Relative resilience amid energy shock
The soaring profits came even as rising oil prices started seeping into the global economy, pushing up import costs and threatening to squeeze margins for manufacturers dependent on certain raw materials.
Brent crude oil prices have soared about 48% since the U.S.-Israel strikes on Iran began at the end of February, driving up costs for chemicals, fibers and plastics across the global supply chain.
China’s energy mix, heavily anchored in coal and renewables, has provided a structural buffer against oil price volatility, chief China economist at Morgan Stanley.
In a survey of 32 sectors, around 70, according to Robin Xing% of companies indicated “smaller cost shocks and fewer production disruptions” than their global peers, Xing stated in a note Monday.

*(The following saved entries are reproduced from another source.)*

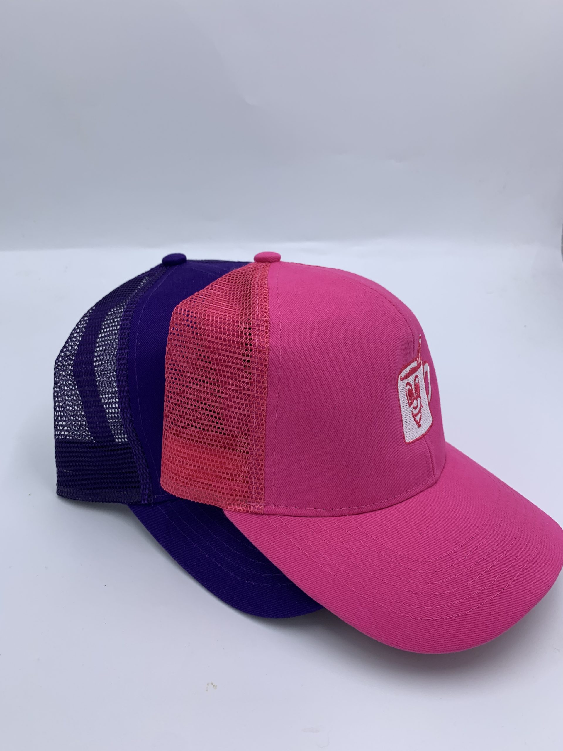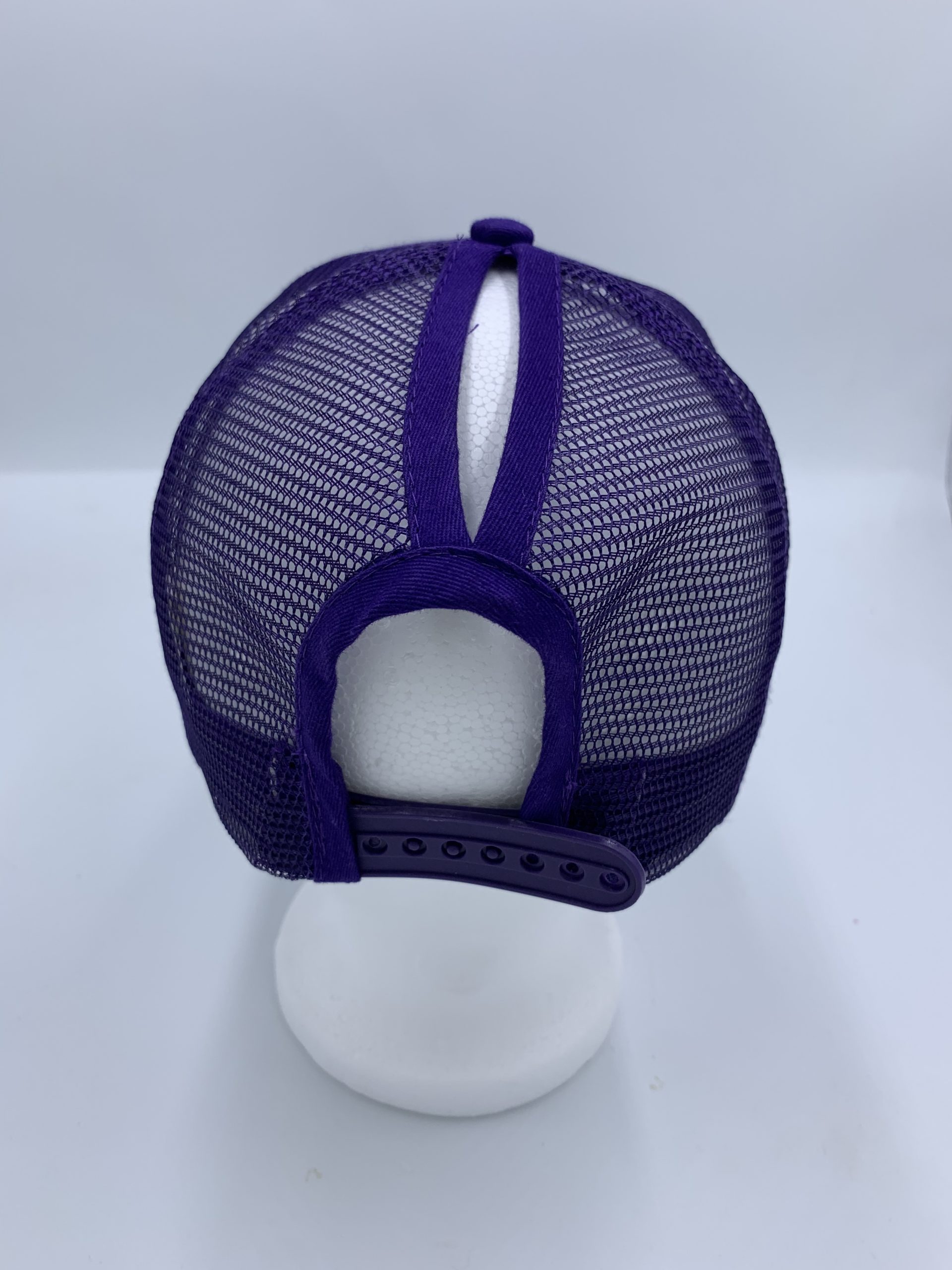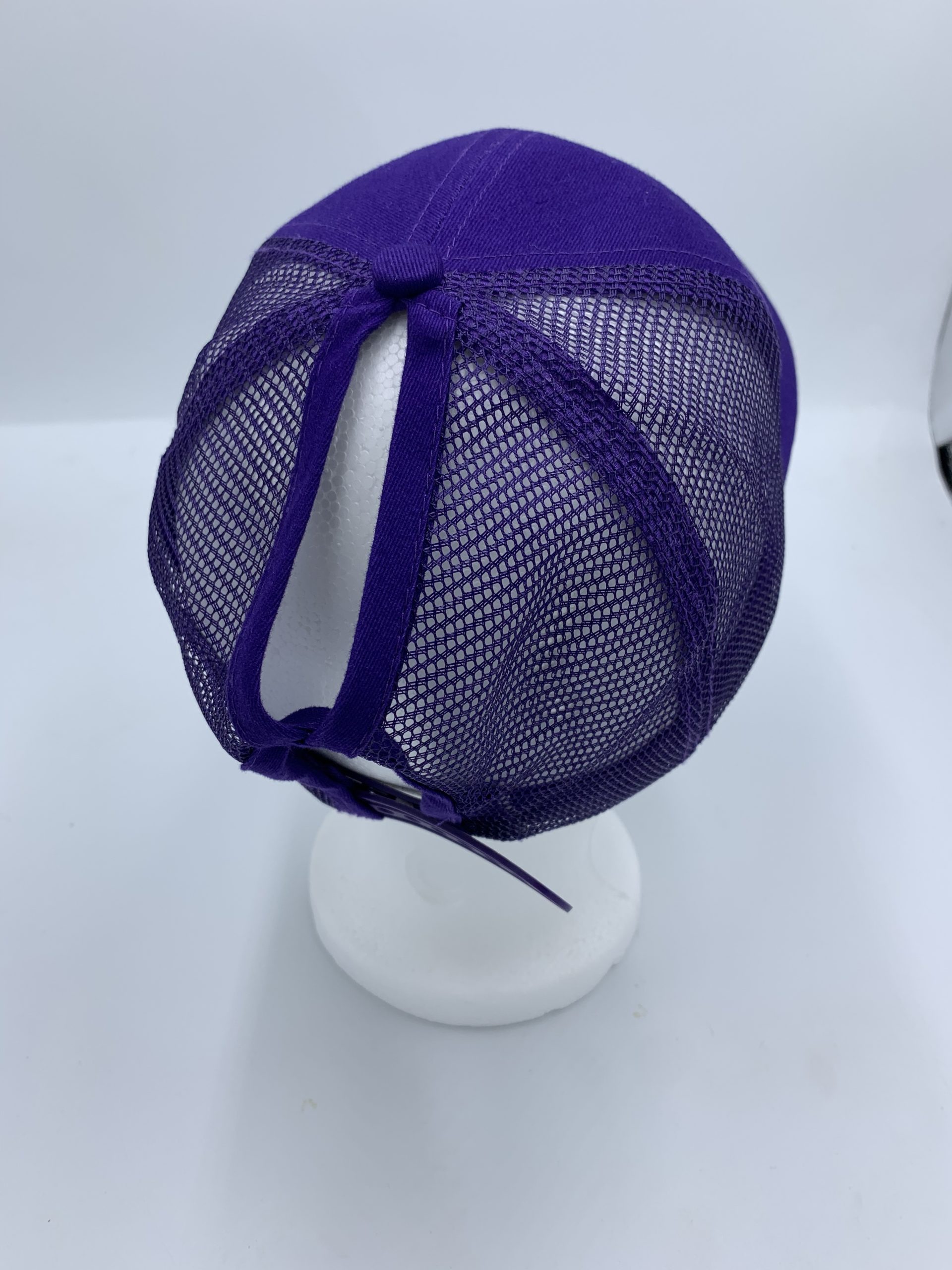 Ponytail Trucker Hats for the Women! Baseball style and adjustable- also with Moe embroidered! Purple and Pink available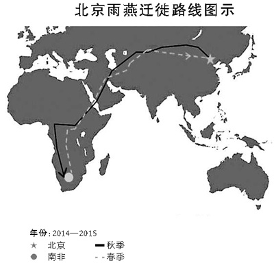 以对其中一个定位器的分析结果为例,佩戴它的雨燕去年7月23日离开北京颐和园,开始南迁,飞越天山山脉和红海,10月27日到达南非纳米比亚越冬。今年2月2日,这只雨燕启程返回故乡北京,并于4月15日回到颐和园。一年间,仅迁徙途中的飞行距离就超过了2.6万公里。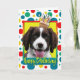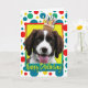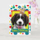 Comemore um aniversário com este cartão inglês brilhante de saudação de cachorro Springer Spaniel. Com um cupcake balanceado na cabeça, este design pode trazer um sorriso e risadinhas! BTW, Este design tem várias versões, com diferentes cores de fundo. Há também um convite para uma versão do Partido.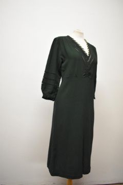 A 1930s bottle green day dress, having ladder work to sleeves and bodice, with cream twist detail to V shaped neckline.

“China is relatively better positioned and may capture pockets of export market-share gains under a sizeable but not extreme energy shock,” Xing noted.
That noted, the economy is not fully insulated from the broader fallout, as slowing global demand could cap its export momentum, while higher energy import costs squeeze margins further down the supply chain.
Enterprises’ profits were already under strain, as a prolonged property sector downturn and a gloomy job marketplace pressured domestic demand, fueling price wars across sectors.
The recent rally in metal prices and Beijing’s effort to rein in excess production capacity and curb cutthroat competition have helped ease deflationary pressure in the economy.
China’s producer price growth turned positive in March, driven by higher oil prices, marking the first expansion in more than three years and ending the longest deflationary streak in decades.
Morgan Stanley expects the modest inflationary effect to push China’s producer price index 1.2% higher this year, after a 2.6% decline last year. Consumer prices are expected to rise 0.8% this year, compared with a flat reading last year.
Large onshore inventories of Iranian oil and crude on tankers at sea have also provided some cushion for the world’s biggest importer. The Trump administration’s naval blockade of the Strait of Hormuz in recent weeks, could alter Beijing’s calculus, with roughly half of China’s oil imports transiting the waterway before the war broke out.
The Trump administration commented on Friday it had imposed sanctions on an independent “teapot” refinery in China for buying billions of dollars’ worth of Iranian oil, potentially harming a key energy source that accounts for a quarter of Chinese refinery capacity.
, on the other hand— CNBC’s Evelyn Cheng contributed to this report.